My husband is in for ReHab after being in the hospital, but there's no chance of him being able to come back home as I can't care for him here, and it is making me feel so bad to hear him tell me he wants to go home. He is beginning to get beligerant about it and I;m not sure how to handle this. I am looking for admission to a VA center, but the waiting list is long and they don;t do Medicaid. Where can I get help?
It used to break my heart, too, to hear my husband plead and beg to go home, to pack his bags to go home, to wait at the door for someone to come to take him home. That was all while he was, in fact, at home. I have since learned that this is a very common desire among folks with dementia, and it is often not about going to a particular building, at least not the one they are currently or have recently lived in. Is it a childhood home? Is it just back to a time when they were happy? Who knows. But it is very painful to hear the plea and not be able to give them what they want. We can't make the dementia go away, and that, I think, is what they want and certainly what we want.

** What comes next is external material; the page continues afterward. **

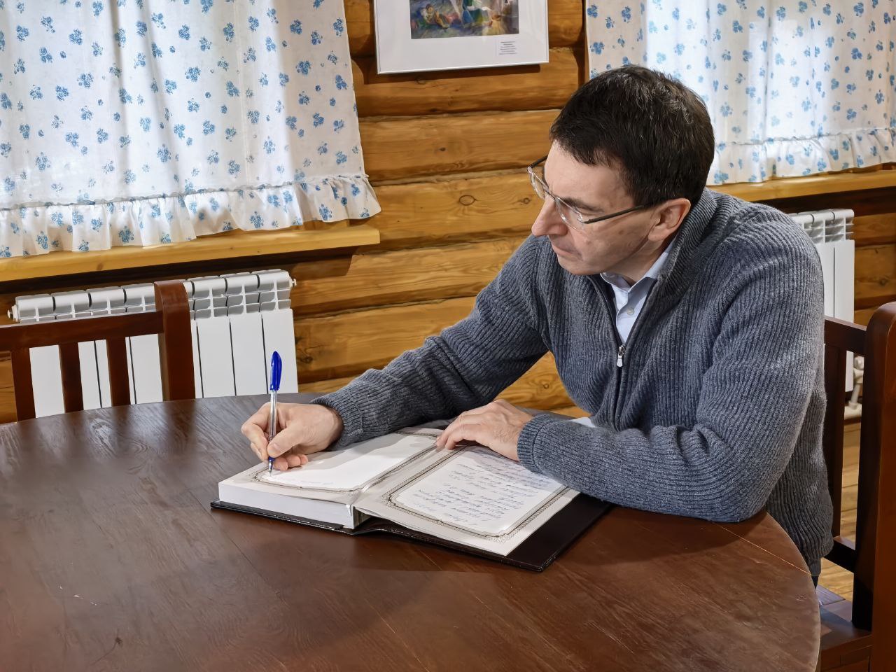 Полпред ознакомился с уникальными экспонатами, архивными документами и личными вещами военачальника. После экскурсии И.Щёголев оставил памятную запись в книге почетных гостей, выразив благодарность коллективу дома-музея за бережное хранение исторического наследия.
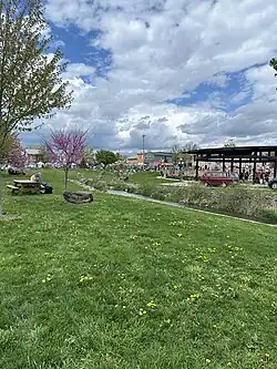 The park contains a picnic pavilion, playground equipment, and gardens.[1] It is named in honor of former Public Safety director Gordon Hufnagle, who died saving lives during the Agnes Flood on June 21, 1972.[2] A covered footbridge just north of the park was built in his honor in 1982.[3]

Do what you know you have to do, for his sake and yours. Hugs to you!
Nana2, whatever else happens, don't try to do something that you can't do, or that just can't be done no matter how hard someone wishes for it. Try not to feel guilty for failing to do the impossible.
The only home he wants to go to is the one he shared with you. Where he felt stable, safe, and loved. His pleas for rescue are heartbreaking, but in my opinion he belongs with you ... at home.
Talk with the staff at the Rehab -- and VA -- and explore the costs of taking him home; especially funding sources and some type of home health aide. ... Unless he's a danger to himself and others; which I doubt.
I bid you peace.
-- Ed
On what basis do you doubt that nana's husband is a danger to himself or others? You just generally don't think dementia patients ever get belligerent, violent or destructive, or you have some insights into nana's situation? And how did you conclude that being a danger to himself or others is the only valid reason for placement?
What makes you doubt nana's statement that she can't care for him in her home?
I have cared for my demented husband at home for eight years, and I hope to continue to up to and through hospice. But I have not promised him that, and I just had a family meeting with our 5 children, explaining my intention and also my vow to be realistic about what I can do and what he needs done. I have seen fellow caregivers agonizing over whether/how they could keep their spouse at home, and I have seen cases where clearly the best for all concerned was out-of-home placement, even though the demented person did not see it that way.
Just curious.
In my post, my heart went out to your husband because I know from personal experience what it's like to be hospitalized for a long time and beg to be taken home. If he can't go home, then he can't. I'm not an authority on this on any other subject; then again no one here is. Our personal experiences might be similar at times, but it'd be arrogant to think there's a clear-cut answer for every dilemma posted here when there's no cookie-cutter formula for anything. So we give our opinions and make some suggestions. My apologies if my words seemed insensitive.
To everyone else, please refrain from turning my posts into some kind of debate. When this happens, that's an indication the individual wants to vent somehow; to tear someone else down so they can feel better about themselves. We're a family here. We might disagree sometimes, but everyone is entitled to their own opinion and we have to respect that instead of taking it things personally.
... Any way you look at it, we're all supportive of one another. That's what AgingCare is all about.
Be well my Lady. Talk to you soon.
-- Ed
Every situation is different and needs to be evaluated as such. Some of our forum members have made having their loved one at home work, but at a horrific cost to their own physical health, relationships, financial well-being, and mental health. It is no surprise that the majority of caregivers are women. It is society's expectation that women should step up to the plate without complaint or regard for their own wishes or careers. I realize that there are dedicated male caregivers in this forum, but generally most men do not get involved in caregiving in the way that women are expected to. So there is even more guilt to add to the pile.
So I say: to each his or her own. You know in your heart when you have hit the wall and need to ask for help. That can take the form of in-home care, hospice, or accessing the skills of a facility.
This is a hard enough job without having someone from the outside judging what those of us do. That is why this forum is a breath of fresh air for me. I can't say that I always agree with everything that is written, but it has been an education and a support system. I am not at all the naive person I was 2 years ago when I joined the forum and I hope that I have shared a thing or two from my experiences.
Guilt is a killer. If you are making decisions with love and kindness, then there is no reason to second guess yourself.
You should also (in my opinion) make sure that you and your son get support in this very challenging situation. Joining a caregivers' support group might be very good for you. Counselling for your son may help him through this heartbreaker. He is not to blame and you are not to blame, and getting outside objective assurance of that could be very valuable.